WHAT YOU HAVE TO DO:
Set the pictures aside and return each record below precisely as written.

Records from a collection
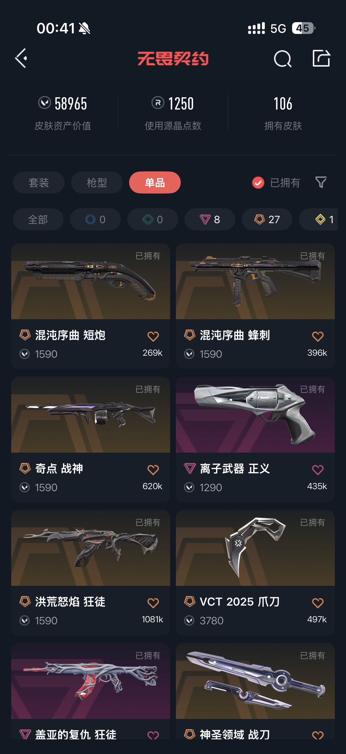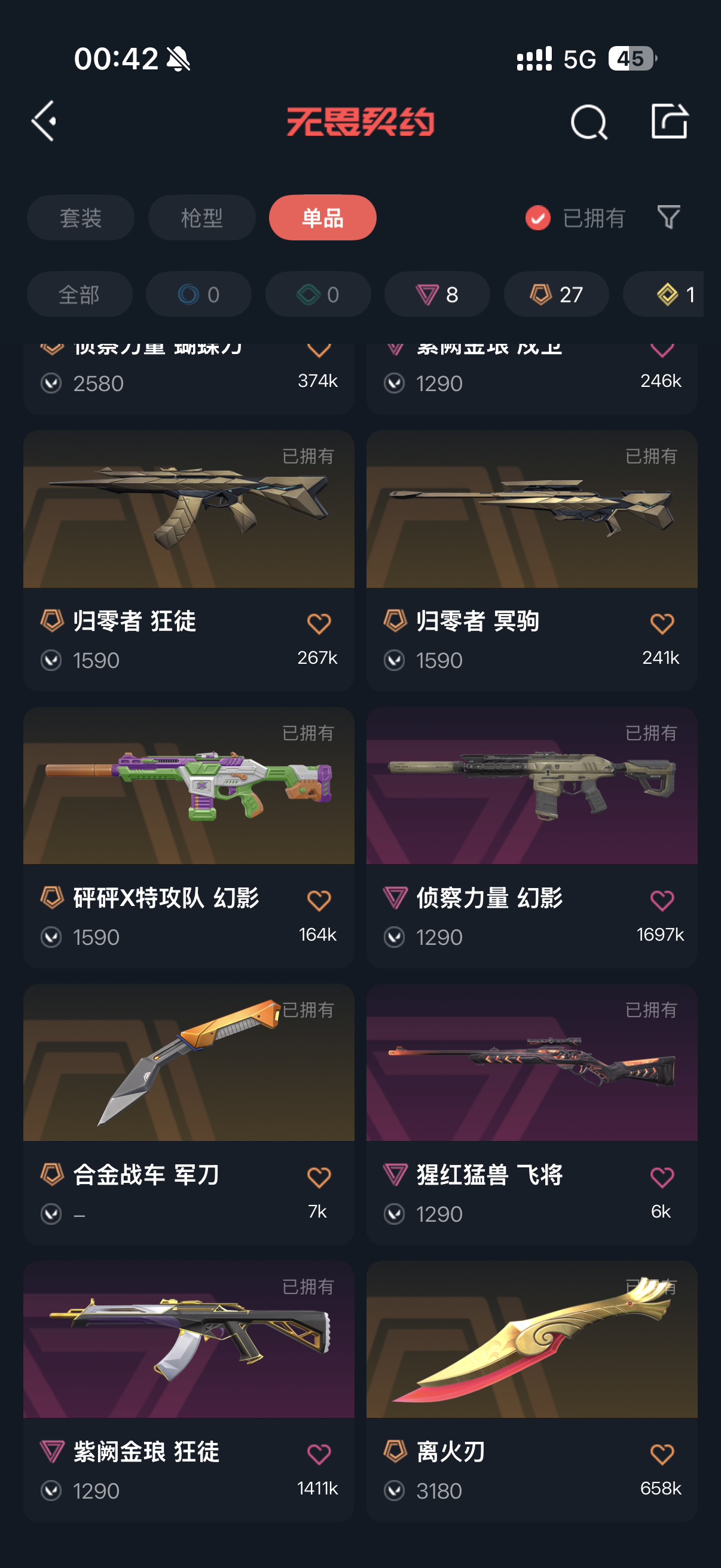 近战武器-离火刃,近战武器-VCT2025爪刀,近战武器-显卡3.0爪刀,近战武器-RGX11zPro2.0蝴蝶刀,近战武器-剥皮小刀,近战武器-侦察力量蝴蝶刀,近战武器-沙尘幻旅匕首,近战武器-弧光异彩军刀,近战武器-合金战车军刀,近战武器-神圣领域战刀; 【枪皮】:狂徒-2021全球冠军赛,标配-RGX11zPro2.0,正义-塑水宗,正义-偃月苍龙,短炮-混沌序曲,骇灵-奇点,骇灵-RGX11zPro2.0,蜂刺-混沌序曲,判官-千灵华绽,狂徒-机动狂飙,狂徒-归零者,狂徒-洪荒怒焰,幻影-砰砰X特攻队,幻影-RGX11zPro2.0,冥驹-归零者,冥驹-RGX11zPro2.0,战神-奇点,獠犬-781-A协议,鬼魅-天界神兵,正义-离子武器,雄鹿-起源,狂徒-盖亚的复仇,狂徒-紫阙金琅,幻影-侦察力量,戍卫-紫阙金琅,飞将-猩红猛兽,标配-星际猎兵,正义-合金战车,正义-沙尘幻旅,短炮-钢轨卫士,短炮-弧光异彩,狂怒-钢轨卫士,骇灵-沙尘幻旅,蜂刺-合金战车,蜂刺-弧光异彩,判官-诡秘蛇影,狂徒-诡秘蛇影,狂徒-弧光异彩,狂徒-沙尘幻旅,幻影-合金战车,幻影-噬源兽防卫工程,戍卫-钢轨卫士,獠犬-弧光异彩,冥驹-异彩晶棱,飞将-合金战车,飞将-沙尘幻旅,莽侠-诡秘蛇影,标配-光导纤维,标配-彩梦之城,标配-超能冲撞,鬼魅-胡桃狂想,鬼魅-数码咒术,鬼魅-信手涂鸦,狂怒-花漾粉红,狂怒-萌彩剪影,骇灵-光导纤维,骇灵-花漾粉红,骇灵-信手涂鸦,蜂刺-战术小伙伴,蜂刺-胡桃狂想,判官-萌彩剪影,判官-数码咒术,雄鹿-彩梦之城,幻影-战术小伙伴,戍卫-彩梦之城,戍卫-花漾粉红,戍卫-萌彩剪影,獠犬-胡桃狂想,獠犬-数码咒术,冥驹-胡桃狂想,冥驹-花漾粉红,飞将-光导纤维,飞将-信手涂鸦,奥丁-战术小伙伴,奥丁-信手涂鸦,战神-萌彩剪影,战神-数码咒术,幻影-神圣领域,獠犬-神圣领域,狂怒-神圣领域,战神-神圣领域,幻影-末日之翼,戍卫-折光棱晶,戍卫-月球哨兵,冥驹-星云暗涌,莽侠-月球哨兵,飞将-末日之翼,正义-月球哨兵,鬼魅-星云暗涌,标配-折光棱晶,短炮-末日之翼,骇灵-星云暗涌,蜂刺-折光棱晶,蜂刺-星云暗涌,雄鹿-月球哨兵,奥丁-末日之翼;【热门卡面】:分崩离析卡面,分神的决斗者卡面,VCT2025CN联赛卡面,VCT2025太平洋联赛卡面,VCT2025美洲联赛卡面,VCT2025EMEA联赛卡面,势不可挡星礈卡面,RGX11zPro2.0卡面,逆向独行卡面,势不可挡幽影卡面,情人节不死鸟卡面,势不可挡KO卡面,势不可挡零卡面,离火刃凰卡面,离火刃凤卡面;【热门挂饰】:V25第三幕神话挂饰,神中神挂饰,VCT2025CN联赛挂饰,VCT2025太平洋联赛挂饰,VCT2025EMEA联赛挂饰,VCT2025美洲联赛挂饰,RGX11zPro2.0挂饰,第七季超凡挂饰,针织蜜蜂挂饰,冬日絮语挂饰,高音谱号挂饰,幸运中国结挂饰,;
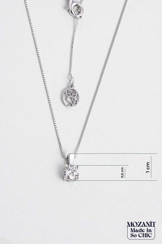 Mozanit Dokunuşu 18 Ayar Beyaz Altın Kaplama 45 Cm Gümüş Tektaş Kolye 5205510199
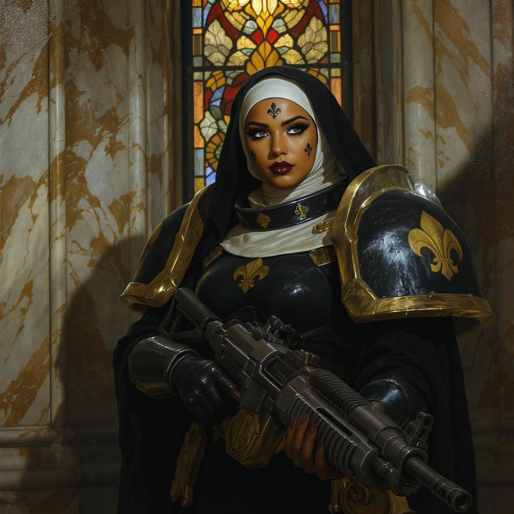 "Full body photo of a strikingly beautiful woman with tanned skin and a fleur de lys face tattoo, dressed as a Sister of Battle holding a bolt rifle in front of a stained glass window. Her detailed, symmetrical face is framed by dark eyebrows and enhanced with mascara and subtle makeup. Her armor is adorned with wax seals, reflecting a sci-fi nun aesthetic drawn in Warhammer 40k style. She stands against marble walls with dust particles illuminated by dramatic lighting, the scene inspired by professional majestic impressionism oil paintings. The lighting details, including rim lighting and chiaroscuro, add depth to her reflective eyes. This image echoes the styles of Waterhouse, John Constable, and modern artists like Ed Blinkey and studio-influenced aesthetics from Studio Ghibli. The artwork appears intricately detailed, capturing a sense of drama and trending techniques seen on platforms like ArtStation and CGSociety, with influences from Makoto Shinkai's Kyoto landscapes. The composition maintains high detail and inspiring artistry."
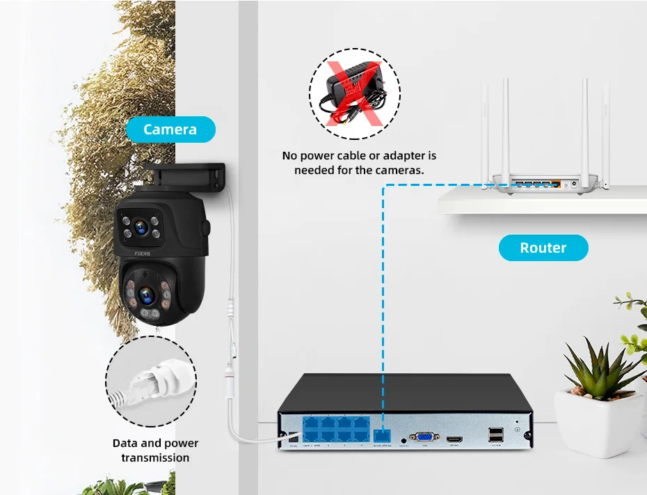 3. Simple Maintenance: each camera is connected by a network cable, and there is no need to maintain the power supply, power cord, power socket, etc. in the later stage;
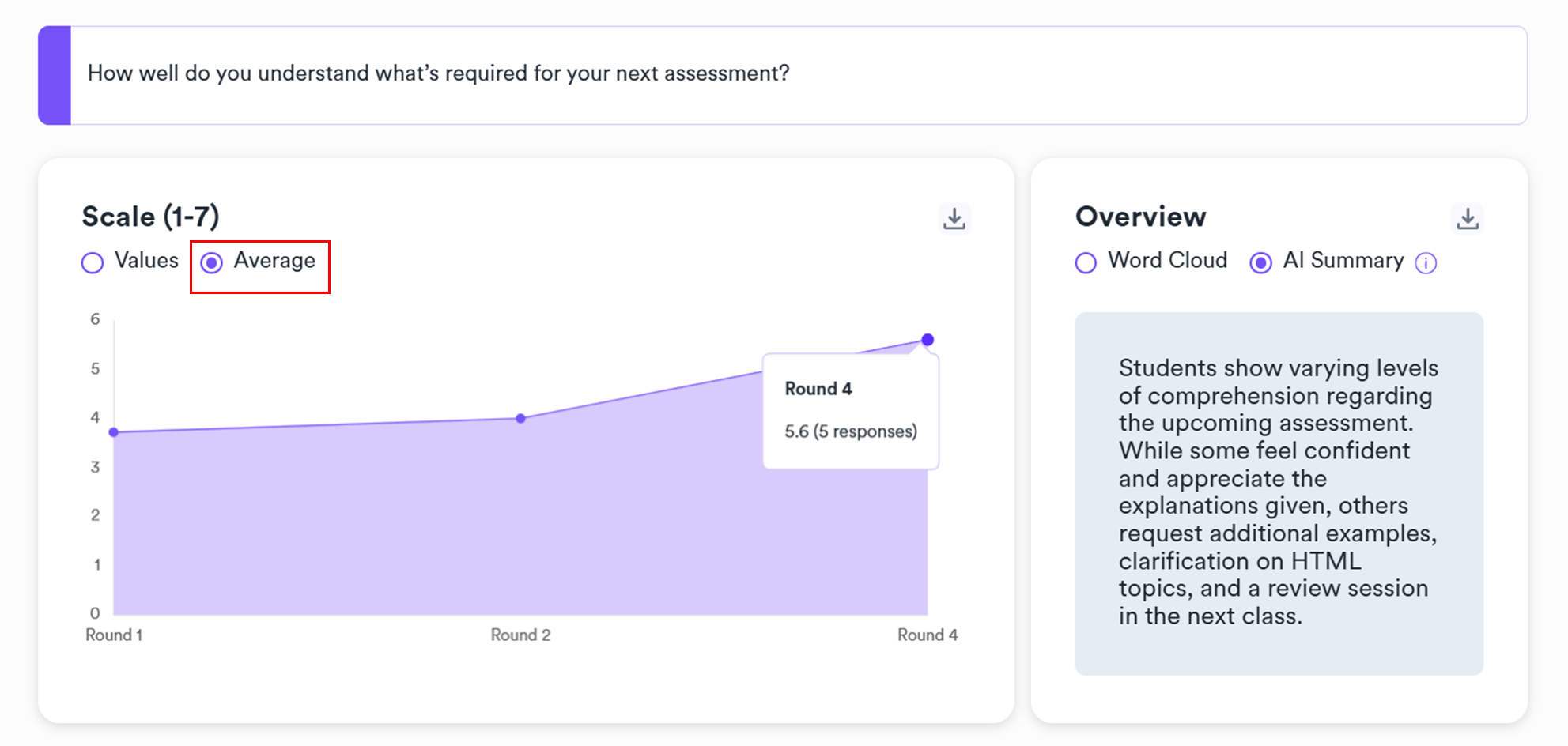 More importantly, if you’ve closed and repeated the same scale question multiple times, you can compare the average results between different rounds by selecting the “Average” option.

EXERCISE OUTPUT:
 近战武器-离火刃,近战武器-VCT2025爪刀,近战武器-显卡3.0爪刀,近战武器-RGX11zPro2.0蝴蝶刀,近战武器-剥皮小刀,近战武器-侦察力量蝴蝶刀,近战武器-沙尘幻旅匕首,近战武器-弧光异彩军刀,近战武器-合金战车军刀,近战武器-神圣领域战刀; 【枪皮】:狂徒-2021全球冠军赛,标配-RGX11zPro2.0,正义-塑水宗,正义-偃月苍龙,短炮-混沌序曲,骇灵-奇点,骇灵-RGX11zPro2.0,蜂刺-混沌序曲,判官-千灵华绽,狂徒-机动狂飙,狂徒-归零者,狂徒-洪荒怒焰,幻影-砰砰X特攻队,幻影-RGX11zPro2.0,冥驹-归零者,冥驹-RGX11zPro2.0,战神-奇点,獠犬-781-A协议,鬼魅-天界神兵,正义-离子武器,雄鹿-起源,狂徒-盖亚的复仇,狂徒-紫阙金琅,幻影-侦察力量,戍卫-紫阙金琅,飞将-猩红猛兽,标配-星际猎兵,正义-合金战车,正义-沙尘幻旅,短炮-钢轨卫士,短炮-弧光异彩,狂怒-钢轨卫士,骇灵-沙尘幻旅,蜂刺-合金战车,蜂刺-弧光异彩,判官-诡秘蛇影,狂徒-诡秘蛇影,狂徒-弧光异彩,狂徒-沙尘幻旅,幻影-合金战车,幻影-噬源兽防卫工程,戍卫-钢轨卫士,獠犬-弧光异彩,冥驹-异彩晶棱,飞将-合金战车,飞将-沙尘幻旅,莽侠-诡秘蛇影,标配-光导纤维,标配-彩梦之城,标配-超能冲撞,鬼魅-胡桃狂想,鬼魅-数码咒术,鬼魅-信手涂鸦,狂怒-花漾粉红,狂怒-萌彩剪影,骇灵-光导纤维,骇灵-花漾粉红,骇灵-信手涂鸦,蜂刺-战术小伙伴,蜂刺-胡桃狂想,判官-萌彩剪影,判官-数码咒术,雄鹿-彩梦之城,幻影-战术小伙伴,戍卫-彩梦之城,戍卫-花漾粉红,戍卫-萌彩剪影,獠犬-胡桃狂想,獠犬-数码咒术,冥驹-胡桃狂想,冥驹-花漾粉红,飞将-光导纤维,飞将-信手涂鸦,奥丁-战术小伙伴,奥丁-信手涂鸦,战神-萌彩剪影,战神-数码咒术,幻影-神圣领域,獠犬-神圣领域,狂怒-神圣领域,战神-神圣领域,幻影-末日之翼,戍卫-折光棱晶,戍卫-月球哨兵,冥驹-星云暗涌,莽侠-月球哨兵,飞将-末日之翼,正义-月球哨兵,鬼魅-星云暗涌,标配-折光棱晶,短炮-末日之翼,骇灵-星云暗涌,蜂刺-折光棱晶,蜂刺-星云暗涌,雄鹿-月球哨兵,奥丁-末日之翼;【热门卡面】:分崩离析卡面,分神的决斗者卡面,VCT2025CN联赛卡面,VCT2025太平洋联赛卡面,VCT2025美洲联赛卡面,VCT2025EMEA联赛卡面,势不可挡星礈卡面,RGX11zPro2.0卡面,逆向独行卡面,势不可挡幽影卡面,情人节不死鸟卡面,势不可挡KO卡面,势不可挡零卡面,离火刃凰卡面,离火刃凤卡面;【热门挂饰】:V25第三幕神话挂饰,神中神挂饰,VCT2025CN联赛挂饰,VCT2025太平洋联赛挂饰,VCT2025EMEA联赛挂饰,VCT2025美洲联赛挂饰,RGX11zPro2.0挂饰,第七季超凡挂饰,针织蜜蜂挂饰,冬日絮语挂饰,高音谱号挂饰,幸运中国结挂饰,;
 Mozanit Dokunuşu 18 Ayar Beyaz Altın Kaplama 45 Cm Gümüş Tektaş Kolye 5205510199
 "Full body photo of a strikingly beautiful woman with tanned skin and a fleur de lys face tattoo, dressed as a Sister of Battle holding a bolt rifle in front of a stained glass window. Her detailed, symmetrical face is framed by dark eyebrows and enhanced with mascara and subtle makeup. Her armor is adorned with wax seals, reflecting a sci-fi nun aesthetic drawn in Warhammer 40k style. She stands against marble walls with dust particles illuminated by dramatic lighting, the scene inspired by professional majestic impressionism oil paintings. The lighting details, including rim lighting and chiaroscuro, add depth to her reflective eyes. This image echoes the styles of Waterhouse, John Constable, and modern artists like Ed Blinkey and studio-influenced aesthetics from Studio Ghibli. The artwork appears intricately detailed, capturing a sense of drama and trending techniques seen on platforms like ArtStation and CGSociety, with influences from Makoto Shinkai's Kyoto landscapes. The composition maintains high detail and inspiring artistry."
 3. Simple Maintenance: each camera is connected by a network cable, and there is no need to maintain the power supply, power cord, power socket, etc. in the later stage;
 More importantly, if you’ve closed and repeated the same scale question multiple times, you can compare the average results between different rounds by selecting the “Average” option.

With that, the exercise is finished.